• RECORDED DATA:
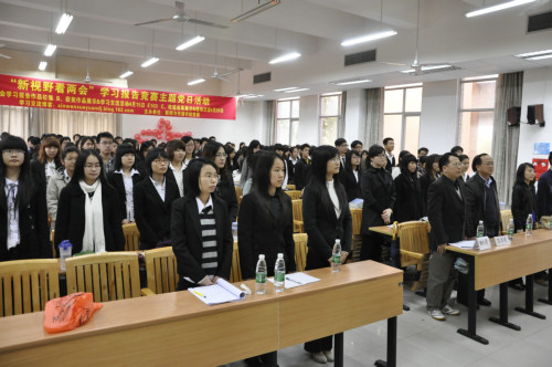 新闻学院“‘新视野看两会’学习报告竞赛”主题党日活动自三月开始至今,先后经历了各支部开展两会学习及个人自主学习,所有参与者以匿名的方式对作品的初评,学院党委评出获奖作品的环节,贯穿对主题内容即“两会”的交流学习。并通过QQ群及博客等方式展开对“两会”深入的交流与探讨。在本场获奖作品展示暨学术交流报告后,还将会有校道的获奖作品展示。
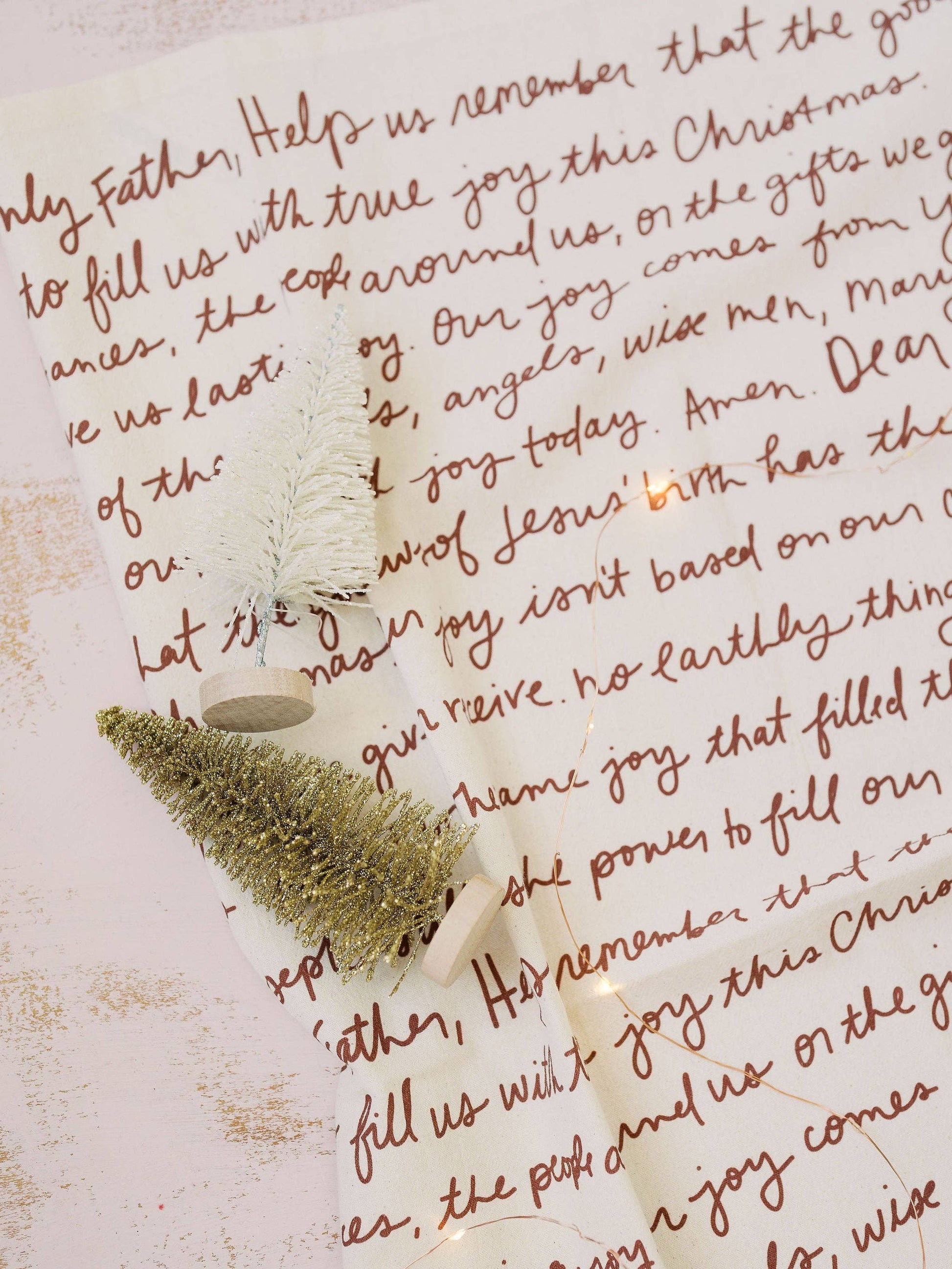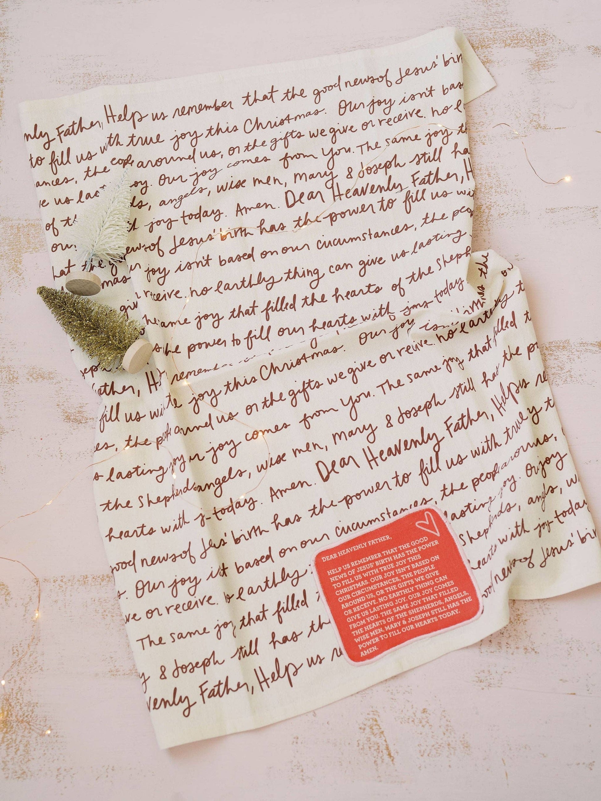 This charming white flour sack towel is adorned from corner to corner with a warm, hand-lettered prayer—a joyful nudge to keep the Good News close all season long. We adore the playful applique detail showcasing the full prayer, letting you savor these words throughout Christmas. Soft, durable, and brimming with heart, it’s ideal for gifting, decorating, or weaving into your holiday rituals. Because even amid the chaos, the miracle sparkles bright.
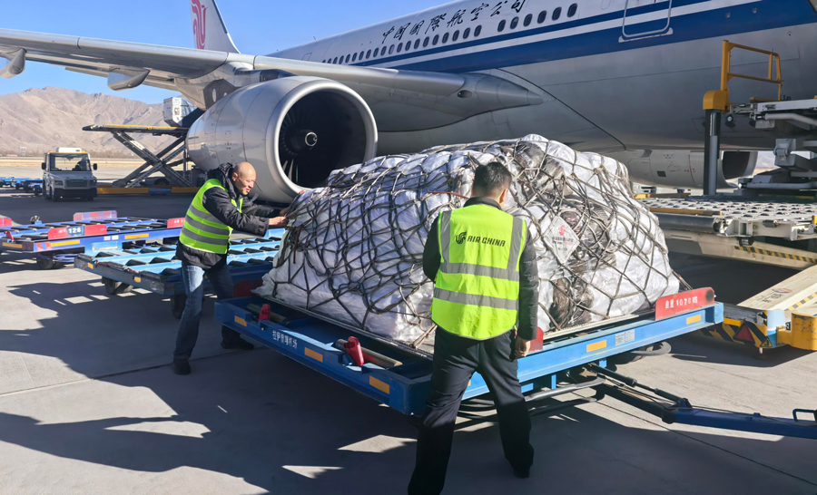中航集团:2025年1月9日,派出两架航班,向西藏日喀则震区运送救灾人员与物资。...

• EXERCISE REQUIREMENTS: From the first line to the last, copy the listing above exactly, dropping all images.

• SOLUTION TO THIS EXERCISE:
 新闻学院“‘新视野看两会’学习报告竞赛”主题党日活动自三月开始至今,先后经历了各支部开展两会学习及个人自主学习,所有参与者以匿名的方式对作品的初评,学院党委评出获奖作品的环节,贯穿对主题内容即“两会”的交流学习。并通过QQ群及博客等方式展开对“两会”深入的交流与探讨。在本场获奖作品展示暨学术交流报告后,还将会有校道的获奖作品展示。
 This charming white flour sack towel is adorned from corner to corner with a warm, hand-lettered prayer—a joyful nudge to keep the Good News close all season long. We adore the playful applique detail showcasing the full prayer, letting you savor these words throughout Christmas. Soft, durable, and brimming with heart, it’s ideal for gifting, decorating, or weaving into your holiday rituals. Because even amid the chaos, the miracle sparkles bright.
中航集团:2025年1月9日,派出两架航班,向西藏日喀则震区运送救灾人员与物资。...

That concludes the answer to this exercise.